President Joe Biden’s son Hunter tried everything to wean himself off alcohol and crack — from yoga and therapy to psychoactive drugs and the anesthetic ketamine.
But in his new memoir, he credits the secretions of the Sonoran Desert toad with keeping him sober for a year.
He describes how he traveled to Mexico in 2014, as his marriage was unraveling, in a desperate attempt to get his life back in order, using drug treatments that were not legal in the United States.
First, he was given ibogaine, a psychedelic derived from plants at a clinic in Tijuana, which he says created a flickering “slideshow” of his life.
Then, at a beach house, a nurse administered 5-MeO-DMT therapy using toad secretions, which are believed by its fans to ease depression, heal the scars of trauma, and cure addiction.
“It was a profound experience. It connected me in a vividly renewed way to everyone in my life, living or dead. Any division between me my Dad, my mommy, Caspy, or Beau vanished, or at least became irrelevant,” Biden writes in his book Beautiful Things, using a family nickname for his sister Naomi who died with his mother in 1972 after a car crash.
“It felt as though I was seeing all of existence at once – and as one,” he writes.
People who have used the drug compare its effects with that of a religious experience, leaving them feeling reborn.
Former world champion boxer Mike Tyson is among its fans. “It takes you to a place that takes you to another dimension,” he said on his podcast in 2019. “Ever since I did it, I’ve had a miraculous change about me.”
But it comes with warnings. Researchers say it can trigger extreme emotional reactions and vomiting.
In the U.S., it is classified as a Schedule 1 controlled substance, carrying the threat of a 10-year prison sentence for possession.
Biden says the experience kept him clean for a year.

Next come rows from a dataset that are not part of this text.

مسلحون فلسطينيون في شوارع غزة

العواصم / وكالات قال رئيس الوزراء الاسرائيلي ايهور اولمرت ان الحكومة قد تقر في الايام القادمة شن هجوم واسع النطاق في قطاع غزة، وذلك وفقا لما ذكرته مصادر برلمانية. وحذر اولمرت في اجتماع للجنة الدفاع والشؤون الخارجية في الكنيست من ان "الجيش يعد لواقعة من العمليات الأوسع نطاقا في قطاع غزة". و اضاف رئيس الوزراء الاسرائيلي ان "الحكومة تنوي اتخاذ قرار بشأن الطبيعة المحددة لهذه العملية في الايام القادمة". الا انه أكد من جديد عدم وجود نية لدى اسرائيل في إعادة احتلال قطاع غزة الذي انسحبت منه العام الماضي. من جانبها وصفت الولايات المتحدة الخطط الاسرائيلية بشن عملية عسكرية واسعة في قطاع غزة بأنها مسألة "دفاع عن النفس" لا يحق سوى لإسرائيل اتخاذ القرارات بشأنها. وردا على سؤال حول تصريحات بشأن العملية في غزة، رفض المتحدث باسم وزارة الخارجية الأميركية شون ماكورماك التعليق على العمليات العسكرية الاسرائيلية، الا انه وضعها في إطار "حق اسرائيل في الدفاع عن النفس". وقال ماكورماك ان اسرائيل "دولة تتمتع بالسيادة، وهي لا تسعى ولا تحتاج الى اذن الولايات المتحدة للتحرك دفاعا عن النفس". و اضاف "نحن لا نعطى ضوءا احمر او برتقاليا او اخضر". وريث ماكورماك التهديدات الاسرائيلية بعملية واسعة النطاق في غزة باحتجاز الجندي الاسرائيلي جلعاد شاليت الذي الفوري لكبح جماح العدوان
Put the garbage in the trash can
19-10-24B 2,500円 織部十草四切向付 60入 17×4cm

“I know it sounds loopy,” he writes. “Yet whatever else it did or didn’t do, the experience unlocked feelings and hurts I’d buried deep for too long. It served as a salve. ... I stayed sober for a year afterward.”

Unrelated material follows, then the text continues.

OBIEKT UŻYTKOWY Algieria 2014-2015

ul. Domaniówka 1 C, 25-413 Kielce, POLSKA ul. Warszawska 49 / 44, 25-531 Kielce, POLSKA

He broke down again after the subsequent death of his brother Beau, storming out of a couple’s therapy session with his then-wife Kathleen when she said she could not forgive him for what he had put their family through.

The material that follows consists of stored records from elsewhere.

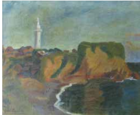
斎藤与里「志摩波切風景」
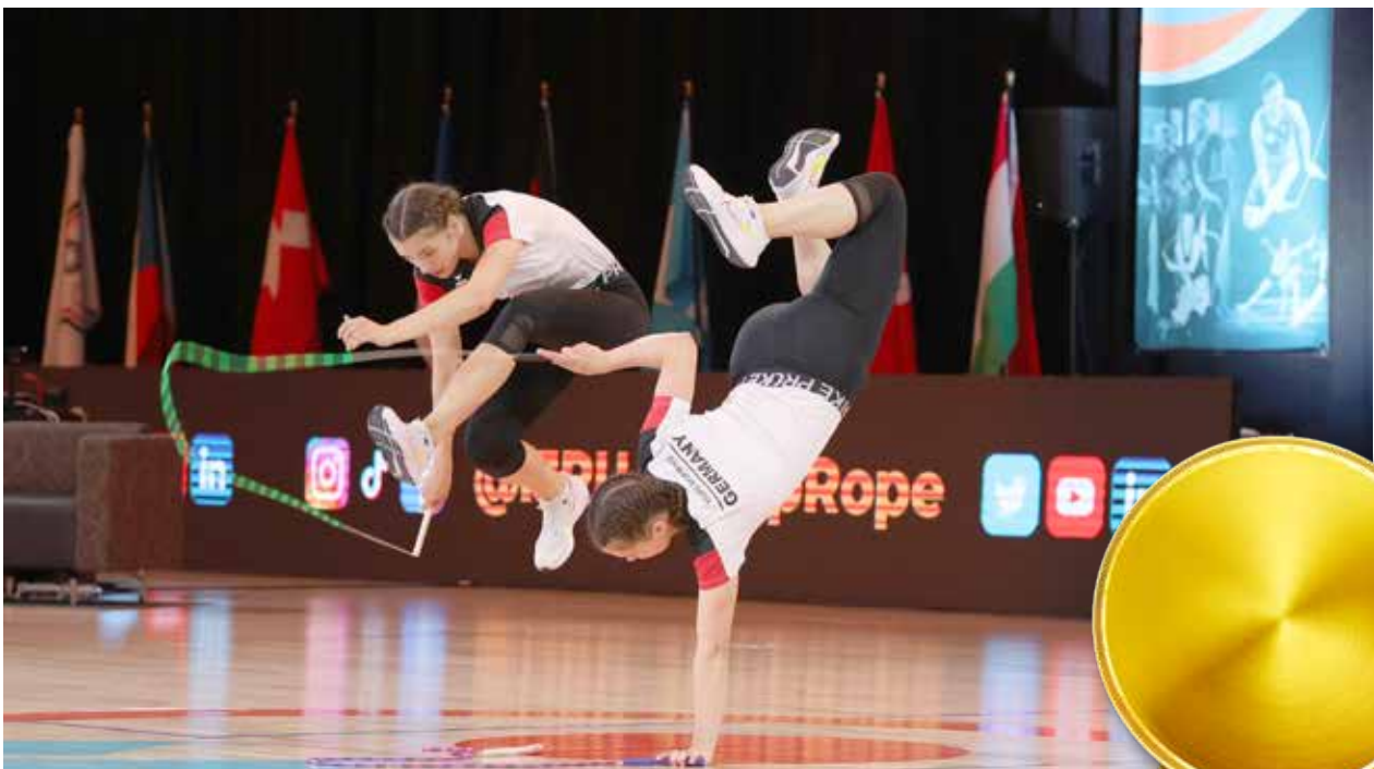
Bei diesem Tempo können selbst die Kampfrichter nicht alle Details mit dem bloßen Auge erkennen.

Nun trainieren sie wieder Woche für Woche in ihrem 1.000-Seelen-Dorf oben auf dem Roringberg. Vielleicht lassen sich dort in Zukunft ja auch mal ein paar Auswärtige im Roringer Dorfladen oder Berg Café blicken, um sich ein Bild vom Dorf der Weltmeisterinnen zu machen. Lutz Conrad
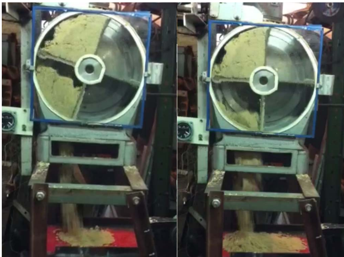
а) – начало разгрузки

ную ширину потока материала по мере разгрузки сектора питателя. В качестве примера на рисунке 4 приведено начало (рисунок 4а) и окончание разгрузки (рисунок 4б). Начальный момент разгрузки имеет минимальную ширину потока материала. По мере поворота барабана питателя сечение потока увеличивается, достигая максимальной величины к моменту окончания разгрузки.

MILWAUKEE, WI - AUGUST 20: In this screenshot from the DNCC’s livestream of the 2020 Democratic National Convention, Hunter Biden, son of Democratic presidential nominee Joe Biden, addresses the virtual convention on August 20, 2020. The convention, which was once expected to draw 50,000 people to Milwaukee, Wisconsin, is now taking place virtually due to the coronavirus pandemic. (Photo by DNCC via Getty Images) (Photo by Handout/DNCC via Getty Images)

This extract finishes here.